For all of the screening simulations that began between ages 30 and 45, the researchers found a cost and quality-of-life benefit.
"Everybody should get screened for diabetes on a regular basis between 30 and 45 years, and repeat the screen every three to five years," said Kahn. "Screening is cost-effective. It's a bargain in the world of medicine to screen and get someone into effective treatment."
"One of the big questions we've had is: does screening make a difference? This study shows us that screening in ages 30 to 45 will probably make a difference in number of people diagnosed with heart disease, kidney disease and other morbidities," said Dr. Rita Louard, director of the Clinical Diabetes Center at Montefiore Medical Center in New York City.

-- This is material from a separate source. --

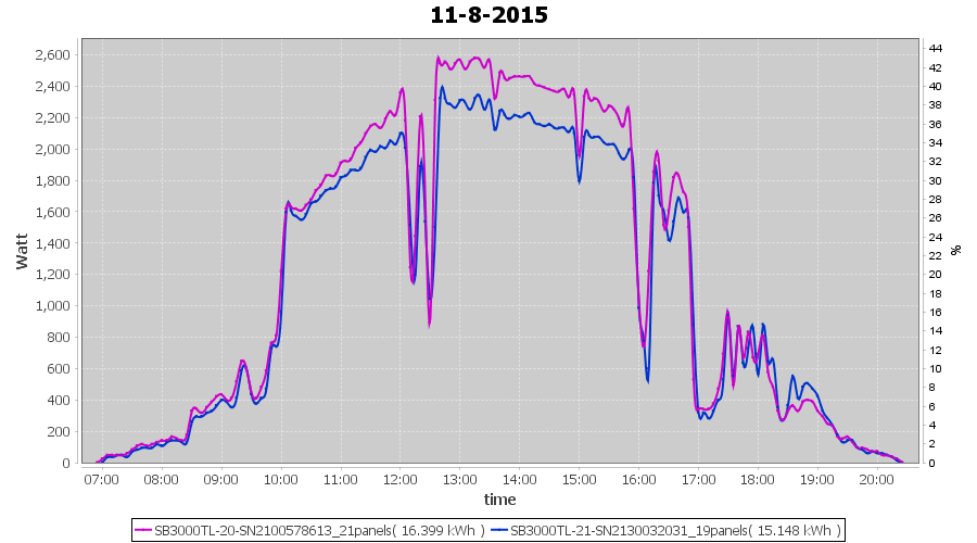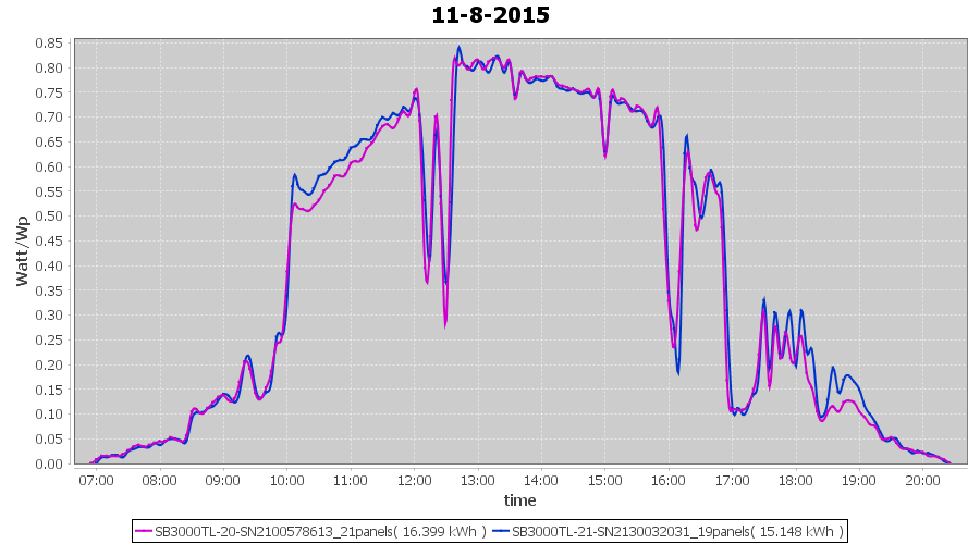 | 11-8-2015 | kWh | Sum | W/Wp | 31.547 | 6000 | 5.3 | 14.590 | € 11.21 | 4.0 |

"We've come a long way in our ability to manage people with diabetes, so screening becomes more important because once people get identified, we now have better tools to get them to their goals. And, it's not only the blood sugars we're looking at. It's really about the other complications that track with the disease, like heart disease. So, we're more aggressive with blood pressure and with their lipids [cholesterol] once diabetes is identified," she explained.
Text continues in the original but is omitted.